そこで、日本文学、国文学などなど名前はいろいろありますが、現代の作家の研究をすることを可としている科を想定してください。
調べたところ、「宮部みゆき」や「村上春樹」個人を研究するというのは可能だと知りました。
しかし、たとえば「中古から現代にいたるまで、ベストセラー書の中に共通点はあるか」だとか、
「文学で最も多くの人に影響を与えるにはどのような手法・書き方が有効か」みたいな、ものすっごいアバウトなことを包括的に研究する、というのは大学で行う研究としては荒唐無稽、成り立たないものなのでしょうか。
大学へ行き文学を研究したいという気持ちはあるのですが、読書そのものが好きなので特定の作家に絞り切ることができません。
もしあるのならば、そのような研究・調査をしているような学部・人などを教えてください。
また、他にこんな研究はどうだろうか、みたいなものもあれば教えてください。
※もちろん文学部で、いわゆる日本文学を研究するということにおいてです。
上記のご質問の内容だと漠然とし過ぎていて答えようがないと思っていたのですが、コメントを拝見するに
『(自分のような希望を持つ生徒の)推薦入試での有効な答え方』
について、のご質問と考えて良いでしょうか。
その前提で少し答えます。
私なら、あなたの場合
「興味があり趣味で読んでいるのは主に現代の文学などです。」
「○○さんや○○さんの本をたくさん読みました。」
「単に読んで面白いというだけでなく、表現の巧みさに感心させられたり」
「また、感想・受け取り方は人それぞれだと思うのに、ものすごく多くの人に受け入れられているのはなぜなのだろうと不思議に思ったりしています。

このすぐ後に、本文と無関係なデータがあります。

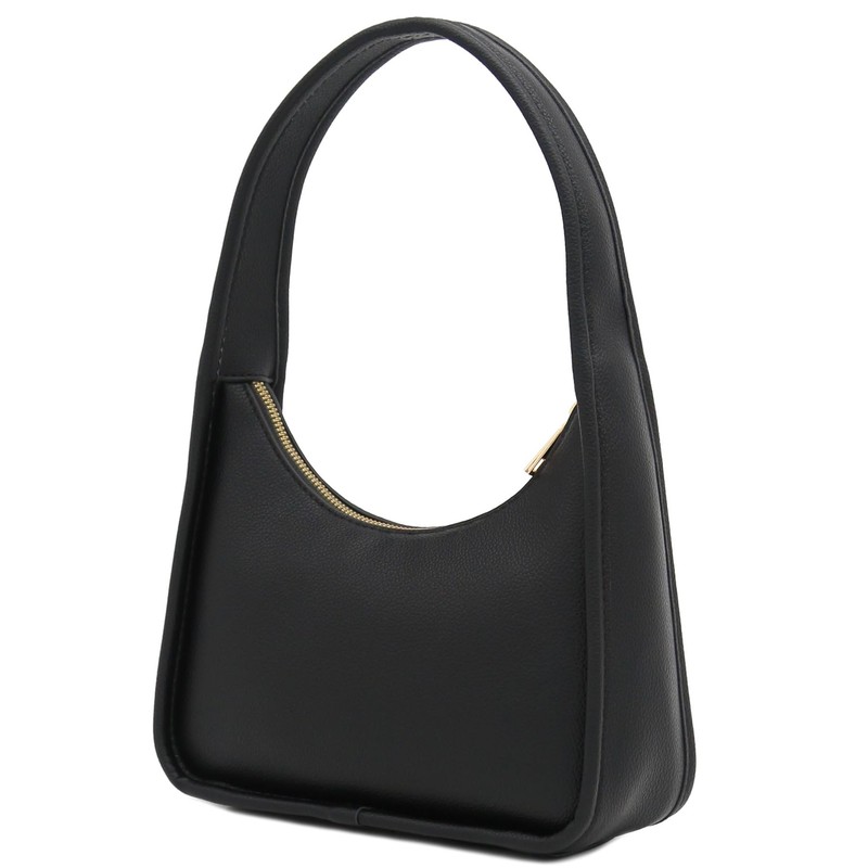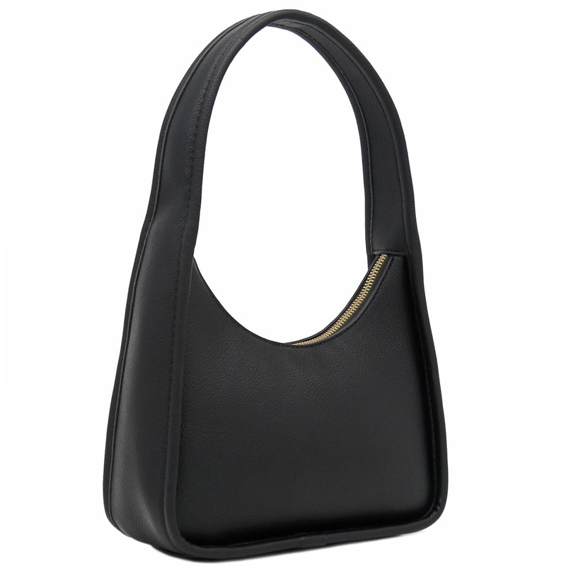 Small Curved Shoulder Bag Minimalist Underarm Crescent Hobo Handbag (Black)

」
…と素直に言うのが一番良いと思います。〈大学での研究内容〉を聞かれたら、そういうことについてなぜなのか、知りたいと思っています、という感じで。
また、逆に、まさにこの上記の質問をしてみるのも良いと思います。なんと言っても大学の先生たちが一番確実に責任ある答えができると思いますので、
「逆に質問してもよろしいでしょうか」
「ベストセラーとはどういうものなのか、ということは、研究になるのでしょうか?」
「どうして文学は人を動かす力を持つのか、あるいは本当に持つのか、に興味があるのですが、そういうことは研究の対象になるのでしょうか?」
…という感じで。面白いことを聞く受験生だと思って貰えるし、また研究への熱意を持っていると解釈されると思います。また、教授の人たちの頭の柔軟さが伺える、面白い答えが聞けると思いますよ。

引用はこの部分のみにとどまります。